Rabbits(7)
She put the journal away and turned to me, her expression grave. “You can’t tell anybody about what’s going to happen tonight.”
“I won’t,” I said.
“I’m serious.” She grabbed my wrist, hard. “You have to promise.”
“I won’t tell anybody.” But Emily’s eyes indicated that she needed more. “I won’t, I promise. I swear.” I held up my pinkie. Emily ignored my pinkie and stared into my eyes for what felt like forever. Then, seemingly satisfied with whatever she’d found there, she double-checked the information in her journal and slid it back into her purse.
Annie popped out the Tori Amos cassette. “What’s the number again?”
“One-oh-seven point three,” Emily answered.
“Got it.” Annie slowly tuned the dial to that number. There was nothing but static. “Are you sure this is it?”
“I hope so.” Emily adjusted the volume on the radio, then turned to the two of us and smiled.
It was beautiful and unnerving.
In my experience, Emily Connors wasn’t the kind of girl who smiled.
“Time?” Emily asked Annie, suddenly all business.
“Six minutes after ten,” Annie replied.
Emily touched my arm and said, “Whatever you do, don’t freak out, okay?”

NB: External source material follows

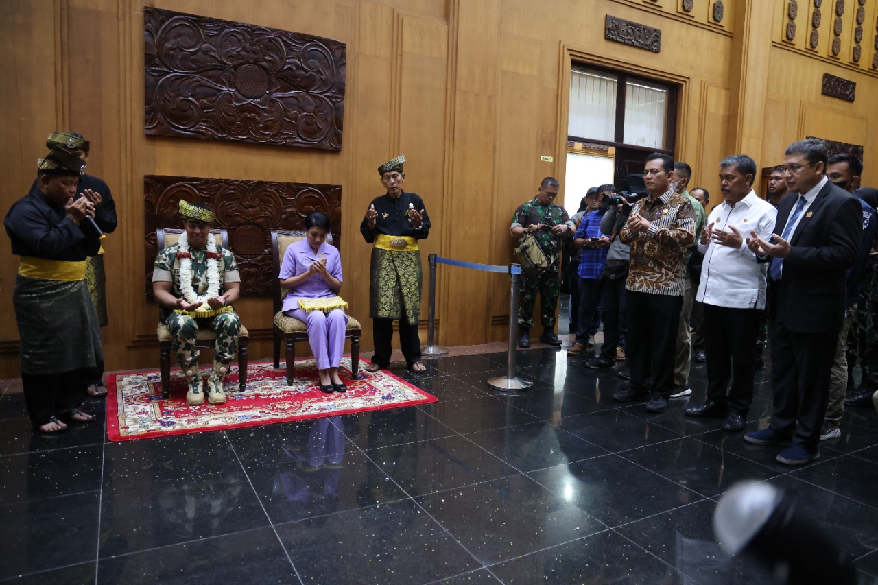 Metrobatam.com|Tanjungpinang – Gubernur Kepulauan Riau H. Ansar Ahmad menyambut langsung kedatangan Panglima TNI Jenderal TNI Andika Perkasa beserta Ibu Hetty Andika Perkasa di Bandara Raja Haji Fisabilillah, Tanjungpinang, Kamis (4/8). Ketibaan Jenderal TNI Andika Perkasa beserta istri disuguhi dengan prosesi adat istiadat Melayu.

I did my best to look cool as Emily put the truck into drive and guided us back out onto the old logging road.
We’d been listening to the static from the radio for about a minute or so when Emily nodded to her sister, then pressed the lever that turned off the truck’s headlights.
Black.
We were driving at the same speed, but now I couldn’t see a thing.
We were completely blind.
Static from the radio filled the cab.
“Emily, I don’t think—”
“Sshhh.” Emily grabbed my arm again, hard enough that she actually left four bruises, one from each finger. “Listen.”
I shut up and listened.
“Did you hear a voice?” Emily asked.
Annie shrugged. Clearly, she hadn’t heard anything. Emily looked at me and I just shook my head.
I was trying, but I found it hard to focus due to the constant static and the situation. Sitting in a truck with Emily and Annie Connors, speeding along an old logging road in complete and total darkness, wasn’t standard operating procedure for me.
“What was that?” Emily turned up the radio. “Please tell me you heard that.”
“I think so,” I lied.
I still hadn’t heard anything except for a steady stream of noise. My head was aching. The static from the radio tickled my ears and a thick fuzzy hum began vibrating, moving upward from somewhere deep inside my chest. My mouth was suddenly extremely dry.
I’d always attributed that sick feeling to the fact that we were speeding down that country road completely blind, but when I think back to that time now, I’m not sure that was it. Something felt…off in that moment. Different, somehow.
“Maybe we should turn on the lights?” Annie sounded scared.
“We’re fine,” Emily said.
When she’d switched off the headlights, the road was straight as far as the eye could see, but we’d been driving for quite a while since then. I crossed my fingers and hoped that we weren’t about to hit a curve.
“I don’t know, Em…” Annie said.
“Sshhh,” Emily said to her sister. “It says we have to drive in the dark.”
An almost imperceptible amount of moonlight occasionally revealed a bit of the road or the trees. I chose to believe Emily was using that light to keep us safely on the road.
“There.” Emily leaned forward. “Did you hear that?”
I did hear something, almost imperceptible at first, but it was there.
A woman’s voice.
Just as I was about to ask Emily if she’d heard the same thing, a loud buzzing filled the inside of the truck. Emily yanked the lever, the headlights flooded the road ahead of us, Annie screamed, and the world exploded in a brilliant flash of light and glass.
* * *
—
When Emily had turned the headlights back on, they’d cut like two tiny nuclear blasts through the darkness, illuminating a giant bull elk in the middle of the road.
The accident was over before my mind had time to process what was happening.
Emily and I were thrown clear through the windshield, but Annie remained inside the truck.
We were told later that, due to the position of her neck at the time of the accident, Annie had died instantly, and that there was no way she could have suffered.
I had a dislocated shoulder, a serious concussion, and a bunch of cuts and bruises, but I was lucky. Emily’s right leg had been badly injured. She spent almost a year in the hospital, and longer than that in physical therapy.
* * *
—
The last time I saw Emily Connors was a few years after the accident.
My parents and I were driving down to San Francisco to visit some family friends. On our way out of Washington, we pulled over so I could use a gas station restroom. I was walking back to the car when I saw her.
She was sitting in the back seat of the car next to ours. I smiled and waved, but Emily just kept staring straight ahead, looking right through me as if I didn’t exist. I was about to knock on the window to get her attention, but there was something about the way she was staring. I had the very distinct feeling she was someplace else, someplace far away, and that a knock on the window wouldn’t be able to reach her. Before I had a chance to change my mind and knock, the car she was sitting in pulled away and exited onto the freeway.